The Novosti news agency reported this morning that General Motors will invest $300 million in the new car assembly plant near St. Petersburg that it launched in June 2006. The plant is due to reach its full capacity in 2008, when assembly of the Chevrolet Captiva and other models will be launched there. Earlier, GM had indicated its investment in the plant, initially planned to produce 25,000 units annually, would be just $115 million, but on March 29, GM Europe President, Carl-Peter Forster announced that GM would more than double its originally planned capacity to 70,000.
"Russia is our biggest market for Chevrolet in Europe," said Mr. Forster. "Demand continues to grow, and we will be in an even better position to meet that demand when Shushary goes on stream in 2008." In 2006, GM sold more than 132,000 cars on the Russian market, 84% of which were Chevrolets. In the first two months of 2007 the company sold almost 26,000 GM cars in Russia, including more than 20,000 Chevrolets.

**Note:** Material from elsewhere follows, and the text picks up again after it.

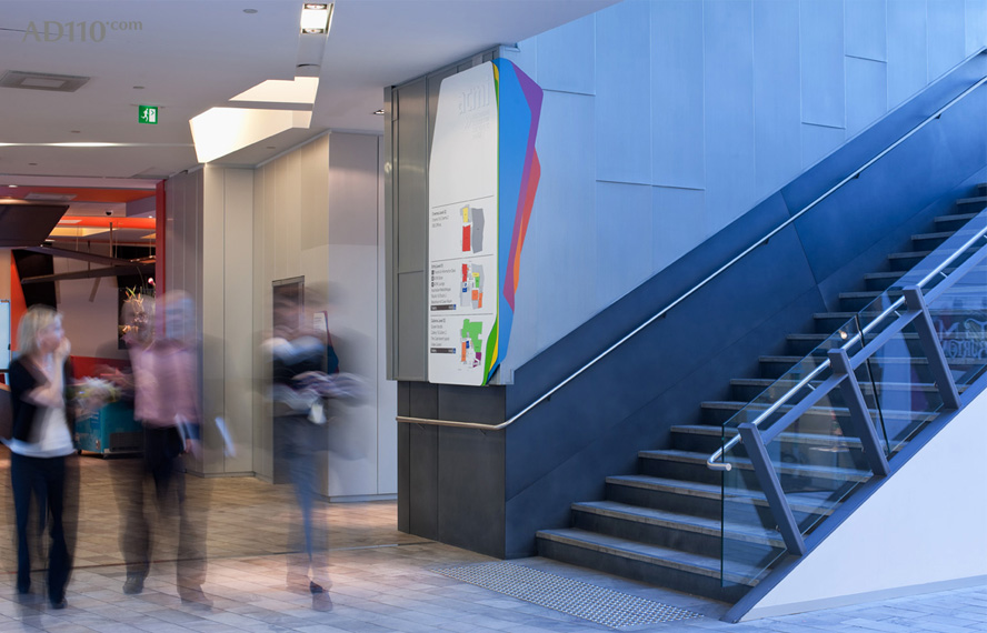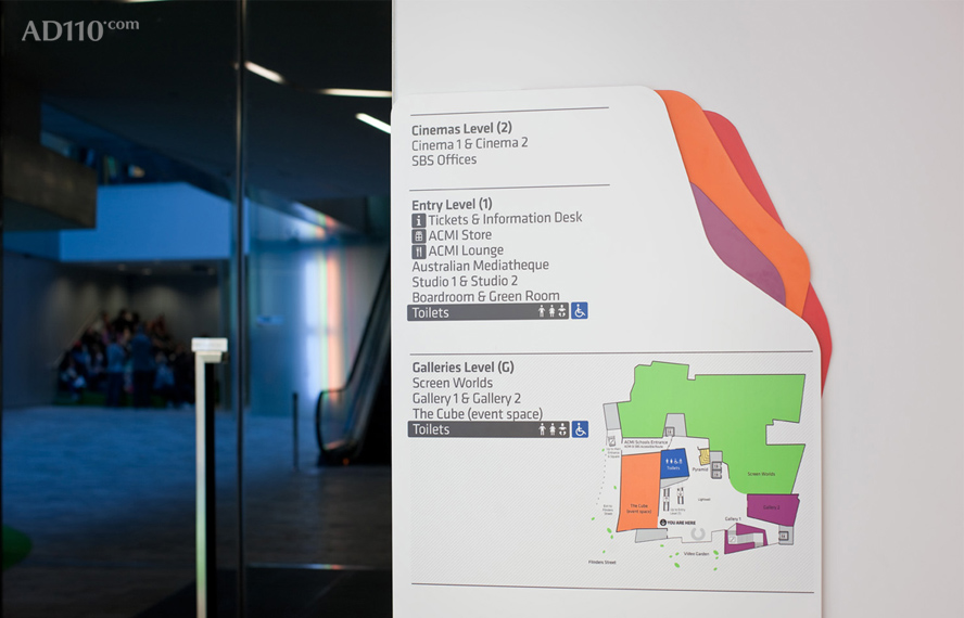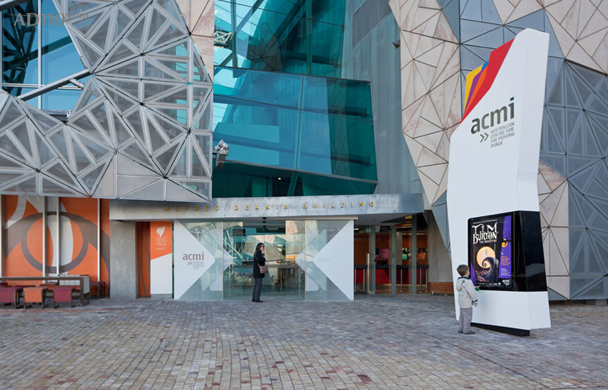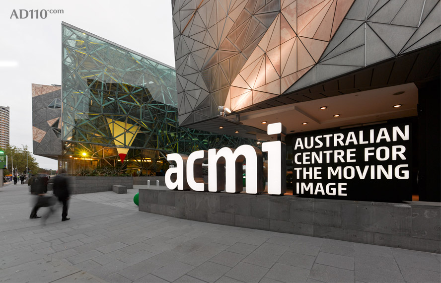最近由Buro North设计的ACMI Signage已经面世,从指示牌来讲,是联邦广场行人入口的主要单片标志,也是弗林德斯街大的发光字体形式。该指示牌的概念基于:大于各部分的总和的ACMI,形成了由运动图像的可见光谱创建的白光;戏剧性的角度和彩色光碎片表明了运动与转化,在固定的指示牌,游客也四处参观他们的三维窗体。

Elsewhere in Europe, GM does not exclude further reductions in manufacturing personnel, though Mr. Forster described the possible closure of a plant as an ‘extreme solution’. GM Europe lost $225 million after exceptional costs last year on turnover up 4% year on year of $33.2 billion; before exceptional items, trading profit was $227 million. Having stripped out some $2 billion of fixed costs under its current restructuring plan, GM Europe is focusing more on raising sales volume at present.
The decision on which plants will build the next Astra models (on which hangs the future of the Ellesmere Port plant) is likely to be made before the end of this year, according to several financial media reports of 30 March, which also reported Mr. Forster saying that some Saab 9-5 model production would be moved to the Rüsselsheim Opel plant from Trollhëttan in Sweden.